Excitement over generative AI has prompted a new wave of AI initiatives seen to further the need to leverage Flash storage for AI – and vice versa.
AI systems must be able to process massive volumes of data quickly. The amount of data generated raises enormous storage needs.
On the other hand, AI-based storage systems that can scale intelligently and automatically based on demand is needed to manage huge data sets.
“As we enter a new age of AI, the superior economics, and operational and environmental efficiencies of… all-flash competitive offerings will be more critical than ever,” said Charles Giancarlo, Chairman and CEO, Pure Storage, at the Pure//Accelerate 2023 conference held at Resorts World Las Vegas in June 2023.
AI applications have high storage demands
AI applications have high storage capacity demands that can easily start in the terabyte range and scale into hundreds of petabytes. AI training, in particular, consumes a great amount of digital storage for modelling data as well as memory to support the processing of that data.
As deep learning (DL) training and other computationally intensive workloads become increasingly prevalent in data centers, the need to scale out GPU-accelerated computing infrastructure becomes a significant challenge that IT administrators must address.
AI/DL is a fundamentally different workload compared with traditional enterprise applications running on CPU-based servers. It necessitates consideration of specific networking, storage, and infrastructure management approaches proven to enable improved scalability, performance, and cost-effective manageability.
Anticipating the coming demand for AI several years ago, Pure Storage had introduced FlashBlade and its AIRI (AI-Ready Infrastructure) solution, co-developed with NVIDIA. AIRI//S is a ready-to-deploy NVIDIA DGX BasePOD reference architecture for AI, developed by Pure Storage and NVIDIA and including the latest FlashBlade//S storage.
Patrick Smith, CTO, EMEA, Pure Storage, said: “The key difference AI has brought to the storage equation is based on the fact that massive amounts of data is needed for AI. Besides capacity, we need storage solutions that provide for speedy retrieval, so GPUs are not idle or wasted waiting to process the data to feed the AI applications.”
Organizations can start their AI journey at any scale and grow as needs evolve, and the current excitement over generative AI has prompted a new wave of AI initiatives is seen to further data storage leaders such as Pure Storage as the go-to storage partner for AI projects.
Pure Storage is currently supporting leading-edge AI projects such as autonomous vehicle development companies and Meta AI’s Research Super Cluster (AIRSC), which aims to be the largest AI supercomputer in the world.
Leveraging AI/ML to manage data storage
According to Eric Burgener, Director, Technical Strategy, Pure Storage, who is an ex-IDC research analyst, one of the key storage-related trends today is leveraging AI/ML to manage data storage.
Without the need for human interaction, AI-enabled storage provides continuous real-time updates from a variety of enterprise data sources, optimizes the data, and performs other intelligent automated tasks on it.

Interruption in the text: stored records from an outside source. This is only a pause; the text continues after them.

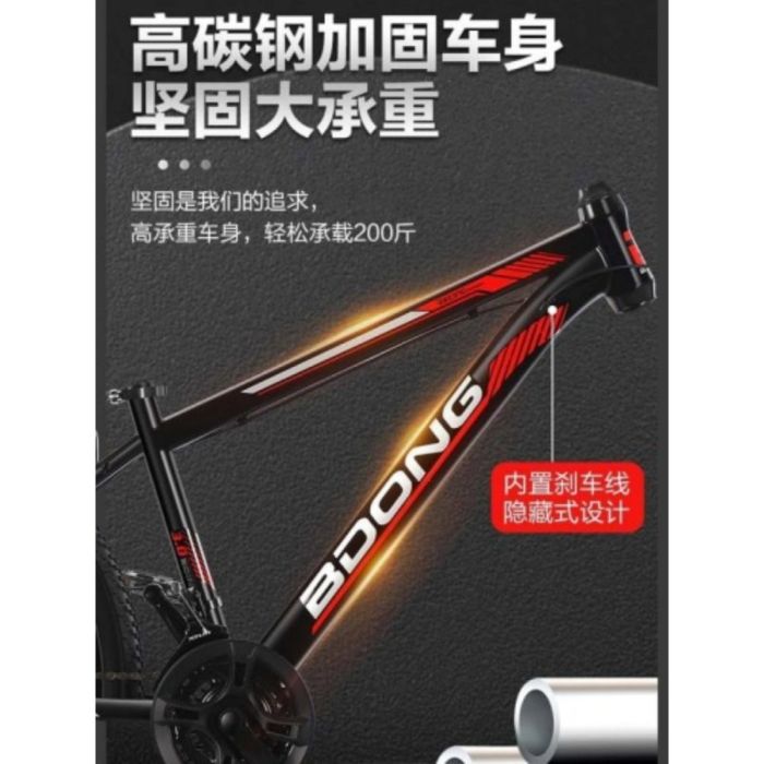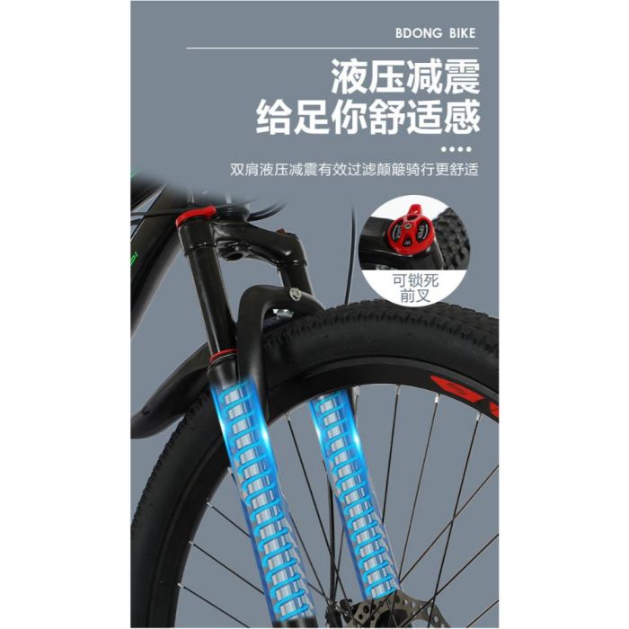 This Mountain bike with front suspension and 21 speeds for adults, made with a strong frame, comfortable design for rough terrain, smooth gear system for quick control, disc brakes for stability and safety, suitable for daily riding and outdoor adventures
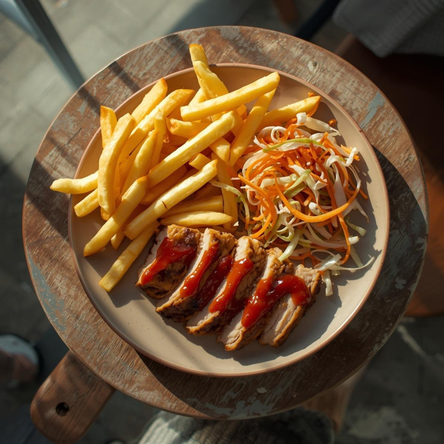 Картофель фри + мясо курицы-гриль + салат + кетчуп.
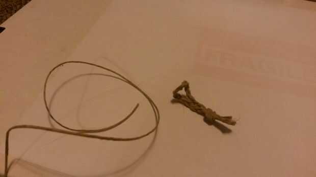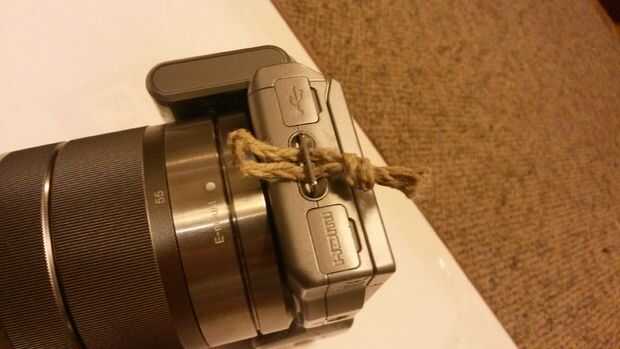 Tuve alguna cadena de cáñamo al azar de mentira en mi escritorio. Así ocurre que cuando trenzado en una trenza de 3 cordones clásicos (||| poner a la izquierda en medio X| Entonces puso derecho sobre nuevo centro | X repetición etc..) hecho lo suficientemente delgada y más que suficiente para sostener la cámara mientras aún conexión a través del ojal de la correa. Trenza de 4 en vale la pena.
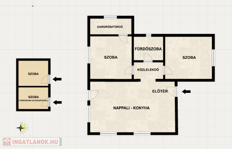 -Nettó 19 m² melléképület: 2 szoba + fürdő előkészítéssel
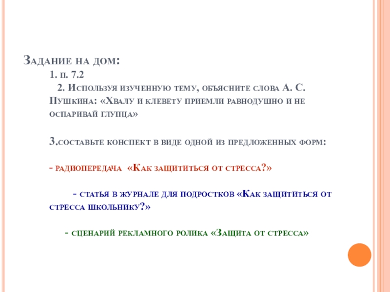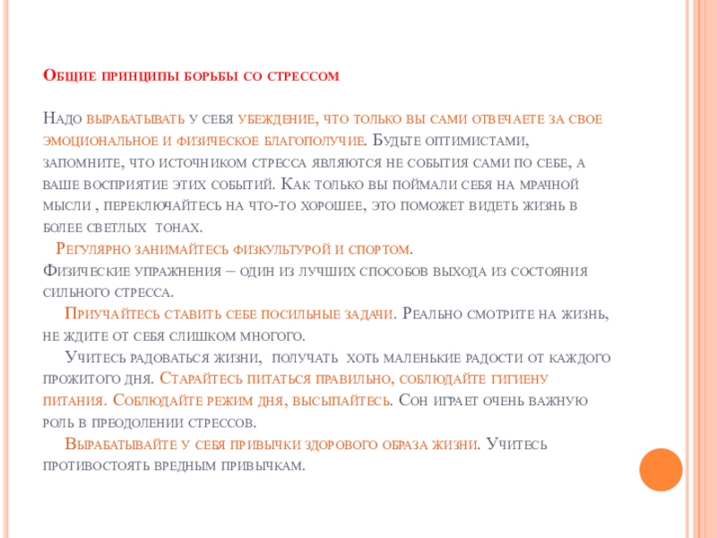 3.Сформулировать общие принципы борьбы со стрессом для обеспечения психологической уравновешенности и сохранения здоровья.
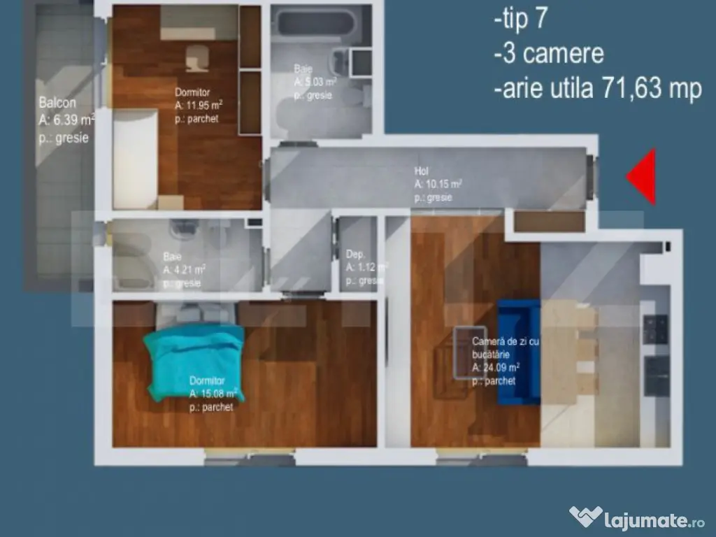 Apartament 3 Camere | 72 mp | 2 Băi | Balcon | Sud-Vest | B
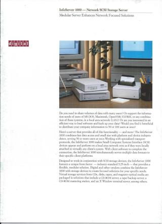 - Modularity and Scalability: Its compact 5.25-inch form factor allows it to be combined with up to seven SCSI devices (CD-ROM, tape, hard disk, magneto-optical drives) per unit. Multiple InfoServer 1000 units can be added to a network, offering high scalability, failover, and load balancing.
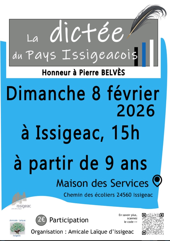 L'association de l'Amicale Laïque d'Issigeac vous convie à la dictée du Pays Issigeacois. Cette édition sera mise à l'honneur d'une enfant du village : l'illustrateur-pédagogue, écrivain Pierre Belvès.
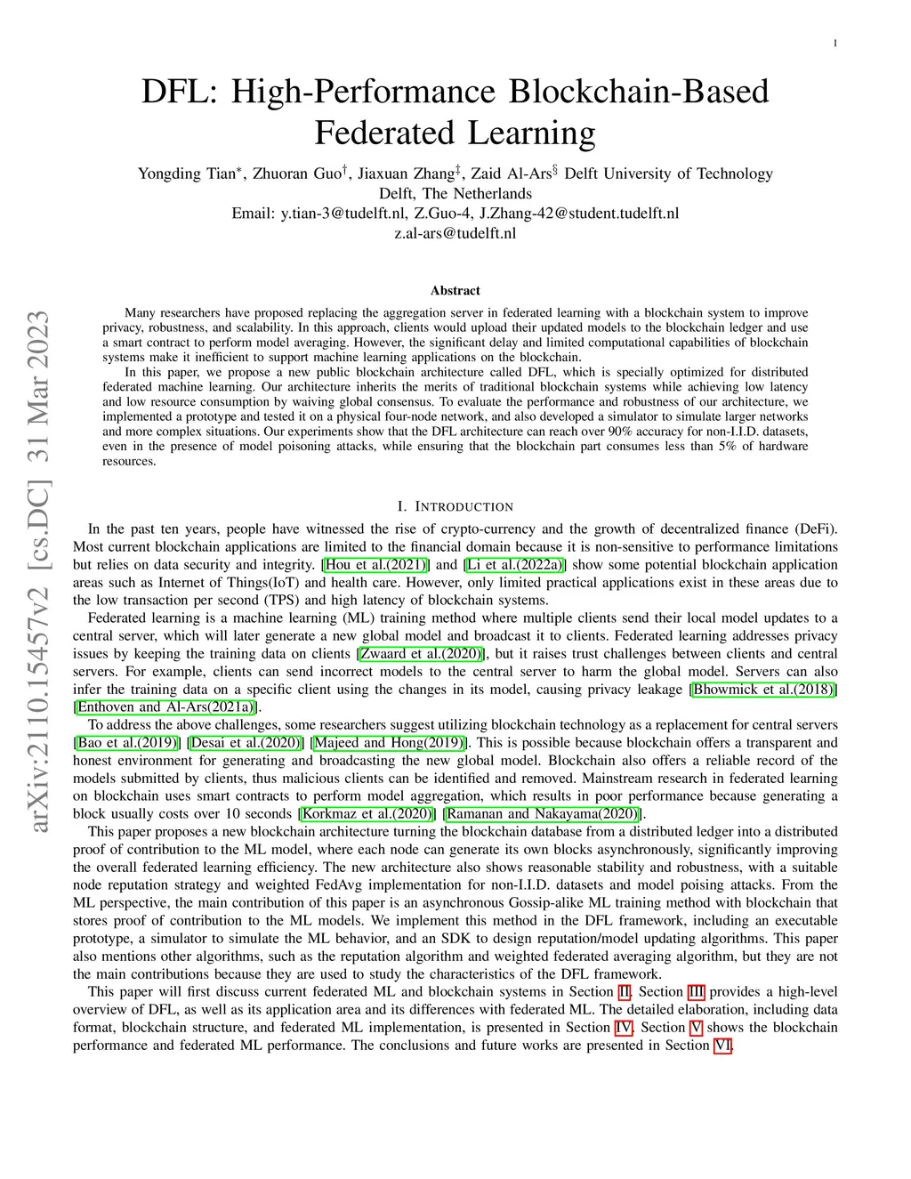 Many researchers have proposed replacing the aggregation server in federated learning with a blockchain system to improve privacy, robustness, and scalability. In this approach, clients would upload their updated models to the blockchain ledger and use a smart contract to perform model averaging. However, the significant delay and limited computational capabilities of blockchain systems make it inefficient to support machine learning applications on the blockchain. In this paper, we propose a new public blockchain architecture called DFL, which is specially optimized for distributed federated machine learning. Our architecture inherits the merits of traditional blockchain systems while achieving low latency and low resource consumption by waiving global consensus. To evaluate the performance and robustness of our architecture, we implemented a prototype and tested it on a physical four-node network, and also developed a simulator to simulate larger networks and more complex situations. Our experiments show that the DFL architecture can reach over 90\% accuracy for non-I.I.D. datasets, even in the presence of model poisoning attacks, while ensuring that the blockchain part consumes less than 5\% of hardware resources.

Businesses are starting to use AI to automate otherwise manual tasks like data capture, deduplication, anomaly detection and data validation. They are also training models to apply regulatory policies and ethical standards automatically, ensuring those principles are embedded from the beginning.
Pure Storage’s FlashBlade hardware portfolio is GPU Direct Storage (GDS)-ready, with software enhancements delivering complete GDS support to be available in the near term, further strengthening Pure Storage’s partnership with NVIDIA and enhancing DGX BasePOD certified solutions.
Meta’s story
Meta needed storage that could handle petabytes of data while delivering the performance demanded by its new supercomputer. The storage also needed to have a very low power profile so that Meta could invest more power into the GPUs which speed up AI models.
Meta’s ambitious business transformation strategy includes data storage that supports its next-generation AI research trained on petabytes of data, unifying data delivery to scale across even the most data-intensive jobs, and helping the organization learn how to deliver more content that people want to see.
“We contacted a number of storage vendors of both disk and flash to evaluate their highest performance, highest density offerings,” said Vivek Pai, AIRSC Storage Lead, Meta. “From a combination of performance and power and cost, we ended up selecting Pure Storage.”
As a result of working with Pure Storage, Meta designed and built a first-of-its-kind AI research cluster in less than two years, leveraging reliable flash performance that requires less maintenance than disk storage, and reducing overall operational costs.
Additionally, the low power consumption allows Meta to direct more power to GPUs, improving overall performance.